* Input for this task *

====

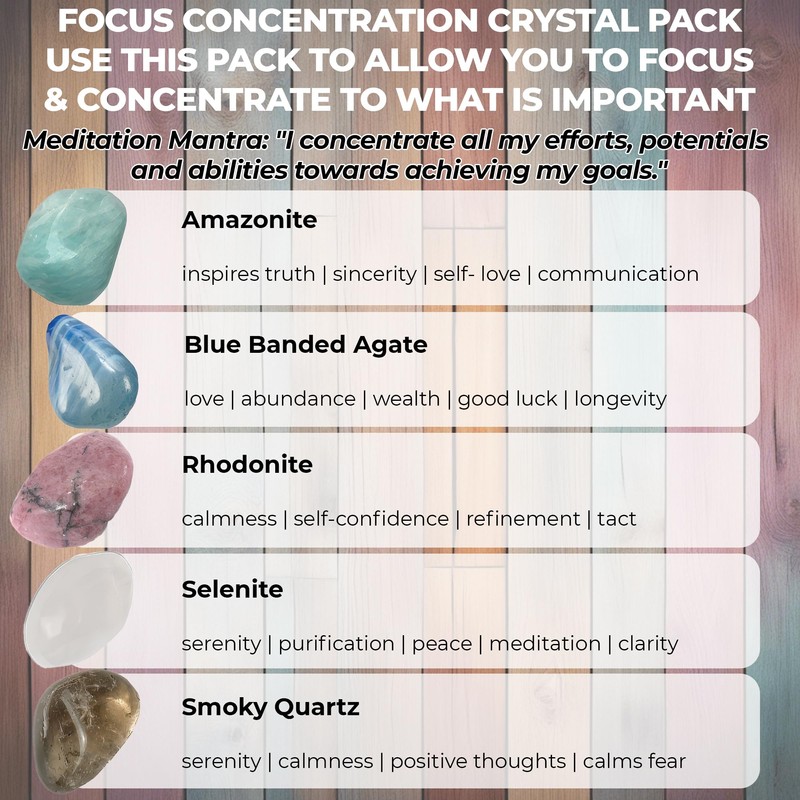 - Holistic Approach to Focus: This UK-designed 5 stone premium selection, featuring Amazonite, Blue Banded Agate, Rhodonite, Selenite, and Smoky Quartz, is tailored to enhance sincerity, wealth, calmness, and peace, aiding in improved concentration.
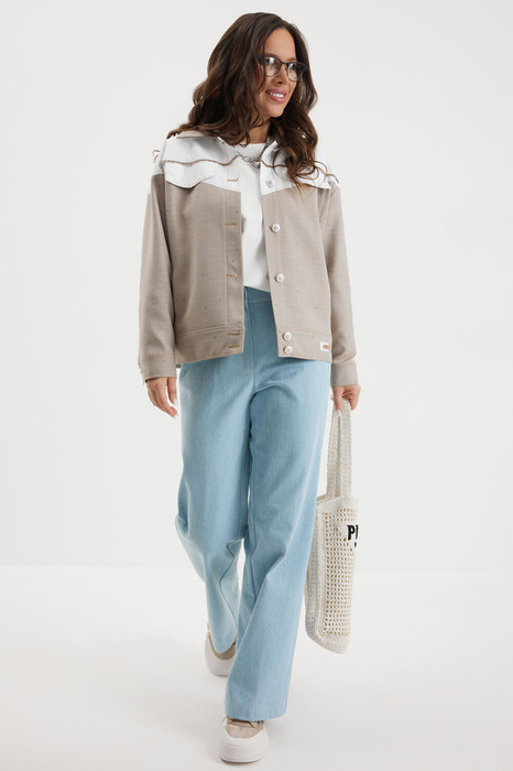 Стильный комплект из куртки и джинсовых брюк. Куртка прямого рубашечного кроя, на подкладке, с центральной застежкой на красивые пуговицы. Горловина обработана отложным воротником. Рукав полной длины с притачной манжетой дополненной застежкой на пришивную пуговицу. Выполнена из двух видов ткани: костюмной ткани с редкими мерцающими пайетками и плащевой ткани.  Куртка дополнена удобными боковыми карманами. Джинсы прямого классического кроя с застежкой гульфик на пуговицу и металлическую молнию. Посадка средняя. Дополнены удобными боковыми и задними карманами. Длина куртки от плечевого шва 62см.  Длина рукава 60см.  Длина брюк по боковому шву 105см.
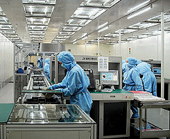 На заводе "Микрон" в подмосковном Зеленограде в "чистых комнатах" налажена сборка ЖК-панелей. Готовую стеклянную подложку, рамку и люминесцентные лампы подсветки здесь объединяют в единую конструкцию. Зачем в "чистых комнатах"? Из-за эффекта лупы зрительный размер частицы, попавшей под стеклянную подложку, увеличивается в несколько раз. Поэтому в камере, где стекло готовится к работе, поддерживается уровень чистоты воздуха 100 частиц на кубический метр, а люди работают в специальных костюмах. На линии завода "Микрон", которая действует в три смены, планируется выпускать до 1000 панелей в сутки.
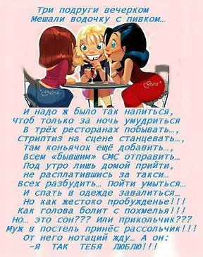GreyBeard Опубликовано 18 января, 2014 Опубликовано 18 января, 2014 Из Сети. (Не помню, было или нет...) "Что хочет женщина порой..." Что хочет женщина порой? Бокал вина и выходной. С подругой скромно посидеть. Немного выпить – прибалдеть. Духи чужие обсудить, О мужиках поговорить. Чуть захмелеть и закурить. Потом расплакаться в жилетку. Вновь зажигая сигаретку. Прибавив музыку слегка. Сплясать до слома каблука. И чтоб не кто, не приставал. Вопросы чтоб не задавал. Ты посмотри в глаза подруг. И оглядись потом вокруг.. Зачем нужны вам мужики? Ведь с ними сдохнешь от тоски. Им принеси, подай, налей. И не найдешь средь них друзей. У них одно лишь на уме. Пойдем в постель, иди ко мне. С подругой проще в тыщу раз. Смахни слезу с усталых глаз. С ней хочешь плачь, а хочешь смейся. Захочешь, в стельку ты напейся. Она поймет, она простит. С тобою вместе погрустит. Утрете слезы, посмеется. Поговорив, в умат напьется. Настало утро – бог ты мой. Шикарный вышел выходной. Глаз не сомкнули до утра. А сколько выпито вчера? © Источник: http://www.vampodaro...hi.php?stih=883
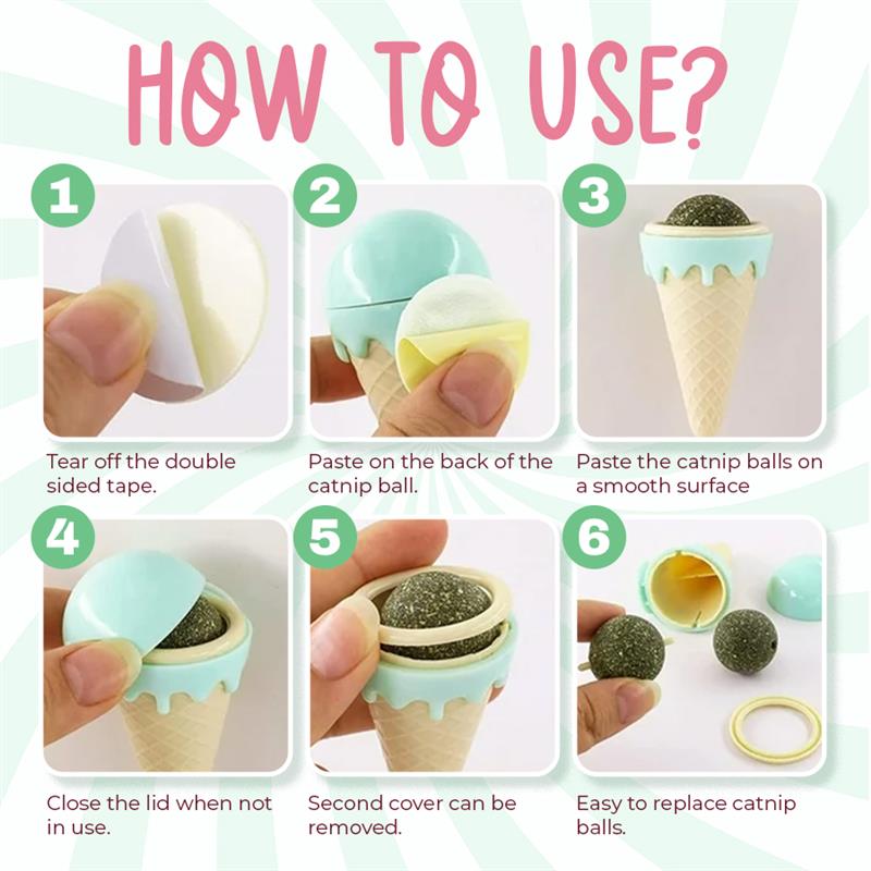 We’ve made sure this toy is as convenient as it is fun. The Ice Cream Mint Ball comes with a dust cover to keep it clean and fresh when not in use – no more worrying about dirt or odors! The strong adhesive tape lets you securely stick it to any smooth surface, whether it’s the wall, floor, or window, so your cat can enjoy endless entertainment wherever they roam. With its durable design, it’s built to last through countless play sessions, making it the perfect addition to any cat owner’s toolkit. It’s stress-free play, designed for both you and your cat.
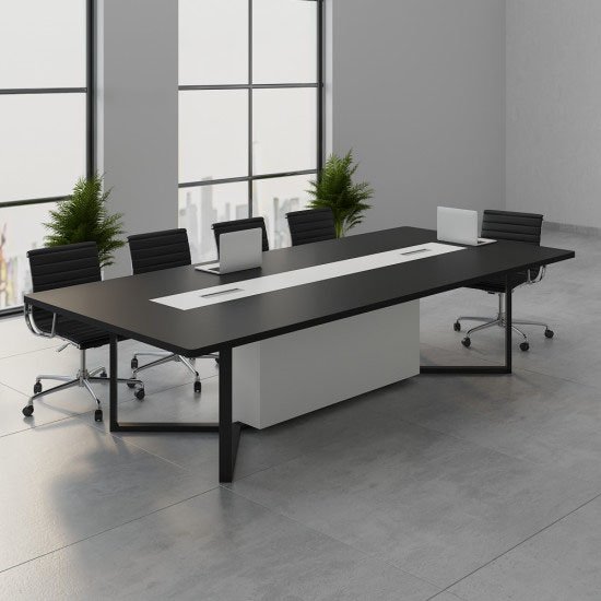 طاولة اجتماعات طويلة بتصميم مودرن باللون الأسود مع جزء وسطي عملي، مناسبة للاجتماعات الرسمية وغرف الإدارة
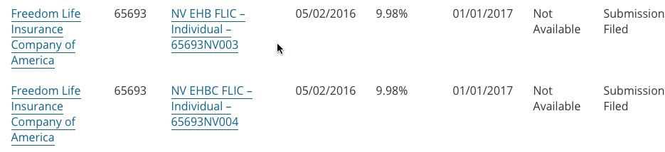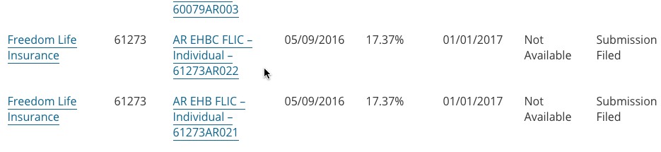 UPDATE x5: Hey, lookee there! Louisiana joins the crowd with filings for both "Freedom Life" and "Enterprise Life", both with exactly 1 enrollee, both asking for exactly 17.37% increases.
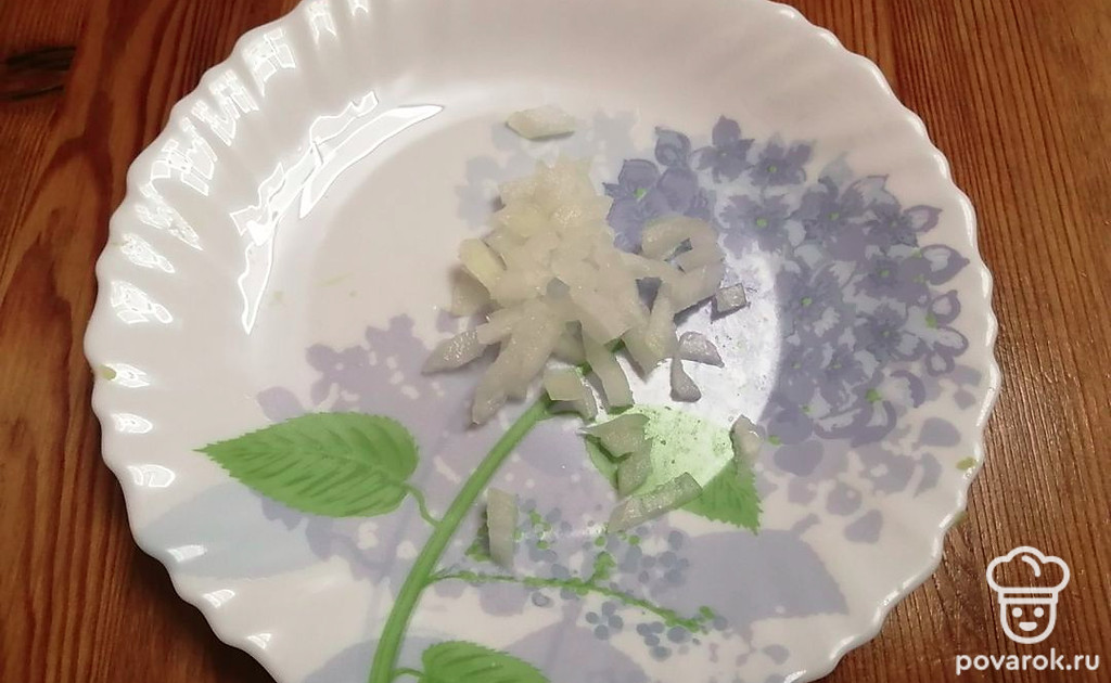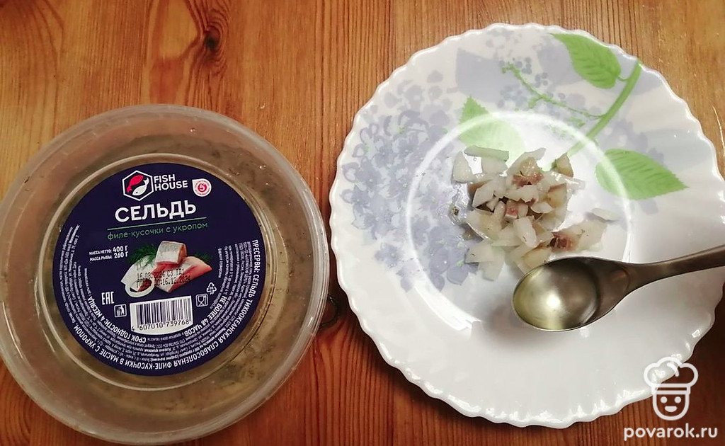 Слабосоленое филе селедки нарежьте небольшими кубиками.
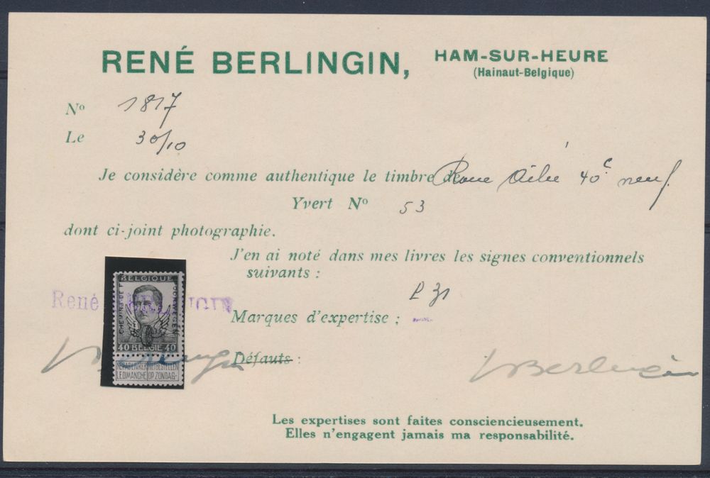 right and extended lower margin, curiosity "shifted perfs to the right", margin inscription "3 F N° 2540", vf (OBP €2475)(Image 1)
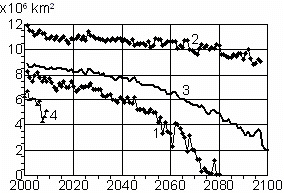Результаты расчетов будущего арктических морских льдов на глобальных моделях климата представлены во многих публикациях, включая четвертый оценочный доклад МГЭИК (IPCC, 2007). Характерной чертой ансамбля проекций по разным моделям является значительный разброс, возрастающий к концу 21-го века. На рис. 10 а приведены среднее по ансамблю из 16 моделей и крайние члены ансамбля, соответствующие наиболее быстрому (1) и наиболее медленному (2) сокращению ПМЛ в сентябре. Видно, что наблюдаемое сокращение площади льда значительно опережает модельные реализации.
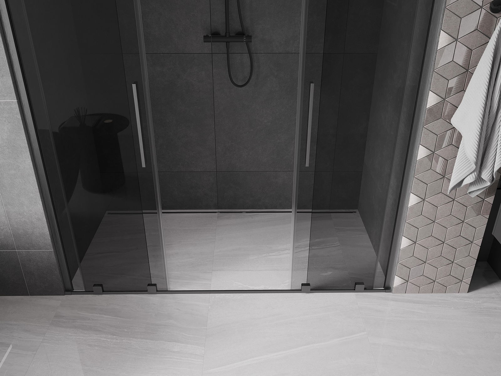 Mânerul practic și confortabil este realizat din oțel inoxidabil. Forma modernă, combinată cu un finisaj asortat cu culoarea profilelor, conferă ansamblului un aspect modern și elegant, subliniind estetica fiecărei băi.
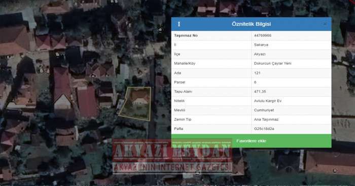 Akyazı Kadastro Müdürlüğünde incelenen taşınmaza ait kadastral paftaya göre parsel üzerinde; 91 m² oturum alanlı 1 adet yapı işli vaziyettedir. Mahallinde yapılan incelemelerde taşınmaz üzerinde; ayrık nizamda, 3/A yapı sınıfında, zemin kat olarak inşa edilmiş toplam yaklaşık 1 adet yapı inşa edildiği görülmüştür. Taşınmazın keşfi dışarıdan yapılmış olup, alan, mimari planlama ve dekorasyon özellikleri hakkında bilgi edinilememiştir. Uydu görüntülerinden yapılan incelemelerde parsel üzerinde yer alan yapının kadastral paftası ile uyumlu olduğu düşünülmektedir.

====

A precise repetition of every entry, free of pictures, is the expected answer.

* Solution for this problem *
 - Holistic Approach to Focus: This UK-designed 5 stone premium selection, featuring Amazonite, Blue Banded Agate, Rhodonite, Selenite, and Smoky Quartz, is tailored to enhance sincerity, wealth, calmness, and peace, aiding in improved concentration.
 Стильный комплект из куртки и джинсовых брюк. Куртка прямого рубашечного кроя, на подкладке, с центральной застежкой на красивые пуговицы. Горловина обработана отложным воротником. Рукав полной длины с притачной манжетой дополненной застежкой на пришивную пуговицу. Выполнена из двух видов ткани: костюмной ткани с редкими мерцающими пайетками и плащевой ткани.  Куртка дополнена удобными боковыми карманами. Джинсы прямого классического кроя с застежкой гульфик на пуговицу и металлическую молнию. Посадка средняя. Дополнены удобными боковыми и задними карманами. Длина куртки от плечевого шва 62см.  Длина рукава 60см.  Длина брюк по боковому шву 105см.
 На заводе "Микрон" в подмосковном Зеленограде в "чистых комнатах" налажена сборка ЖК-панелей. Готовую стеклянную подложку, рамку и люминесцентные лампы подсветки здесь объединяют в единую конструкцию. Зачем в "чистых комнатах"? Из-за эффекта лупы зрительный размер частицы, попавшей под стеклянную подложку, увеличивается в несколько раз. Поэтому в камере, где стекло готовится к работе, поддерживается уровень чистоты воздуха 100 частиц на кубический метр, а люди работают в специальных костюмах. На линии завода "Микрон", которая действует в три смены, планируется выпускать до 1000 панелей в сутки.
GreyBeard Опубликовано 18 января, 2014 Опубликовано 18 января, 2014 Из Сети. (Не помню, было или нет...) "Что хочет женщина порой..." Что хочет женщина порой? Бокал вина и выходной. С подругой скромно посидеть. Немного выпить – прибалдеть. Духи чужие обсудить, О мужиках поговорить. Чуть захмелеть и закурить. Потом расплакаться в жилетку. Вновь зажигая сигаретку. Прибавив музыку слегка. Сплясать до слома каблука. И чтоб не кто, не приставал. Вопросы чтоб не задавал. Ты посмотри в глаза подруг. И оглядись потом вокруг.. Зачем нужны вам мужики? Ведь с ними сдохнешь от тоски. Им принеси, подай, налей. И не найдешь средь них друзей. У них одно лишь на уме. Пойдем в постель, иди ко мне. С подругой проще в тыщу раз. Смахни слезу с усталых глаз. С ней хочешь плачь, а хочешь смейся. Захочешь, в стельку ты напейся. Она поймет, она простит. С тобою вместе погрустит. Утрете слезы, посмеется. Поговорив, в умат напьется. Настало утро – бог ты мой. Шикарный вышел выходной. Глаз не сомкнули до утра. А сколько выпито вчера? © Источник: http://www.vampodaro...hi.php?stih=883
 We’ve made sure this toy is as convenient as it is fun. The Ice Cream Mint Ball comes with a dust cover to keep it clean and fresh when not in use – no more worrying about dirt or odors! The strong adhesive tape lets you securely stick it to any smooth surface, whether it’s the wall, floor, or window, so your cat can enjoy endless entertainment wherever they roam. With its durable design, it’s built to last through countless play sessions, making it the perfect addition to any cat owner’s toolkit. It’s stress-free play, designed for both you and your cat.
 طاولة اجتماعات طويلة بتصميم مودرن باللون الأسود مع جزء وسطي عملي، مناسبة للاجتماعات الرسمية وغرف الإدارة
 UPDATE x5: Hey, lookee there! Louisiana joins the crowd with filings for both "Freedom Life" and "Enterprise Life", both with exactly 1 enrollee, both asking for exactly 17.37% increases.
 Слабосоленое филе селедки нарежьте небольшими кубиками.
 right and extended lower margin, curiosity "shifted perfs to the right", margin inscription "3 F N° 2540", vf (OBP €2475)(Image 1)
Результаты расчетов будущего арктических морских льдов на глобальных моделях климата представлены во многих публикациях, включая четвертый оценочный доклад МГЭИК (IPCC, 2007). Характерной чертой ансамбля проекций по разным моделям является значительный разброс, возрастающий к концу 21-го века. На рис. 10 а приведены среднее по ансамблю из 16 моделей и крайние члены ансамбля, соответствующие наиболее быстрому (1) и наиболее медленному (2) сокращению ПМЛ в сентябре. Видно, что наблюдаемое сокращение площади льда значительно опережает модельные реализации.
 Mânerul practic și confortabil este realizat din oțel inoxidabil. Forma modernă, combinată cu un finisaj asortat cu culoarea profilelor, conferă ansamblului un aspect modern și elegant, subliniind estetica fiecărei băi.
 Akyazı Kadastro Müdürlüğünde incelenen taşınmaza ait kadastral paftaya göre parsel üzerinde; 91 m² oturum alanlı 1 adet yapı işli vaziyettedir. Mahallinde yapılan incelemelerde taşınmaz üzerinde; ayrık nizamda, 3/A yapı sınıfında, zemin kat olarak inşa edilmiş toplam yaklaşık 1 adet yapı inşa edildiği görülmüştür. Taşınmazın keşfi dışarıdan yapılmış olup, alan, mimari planlama ve dekorasyon özellikleri hakkında bilgi edinilememiştir. Uydu görüntülerinden yapılan incelemelerde parsel üzerinde yer alan yapının kadastral paftası ile uyumlu olduğu düşünülmektedir.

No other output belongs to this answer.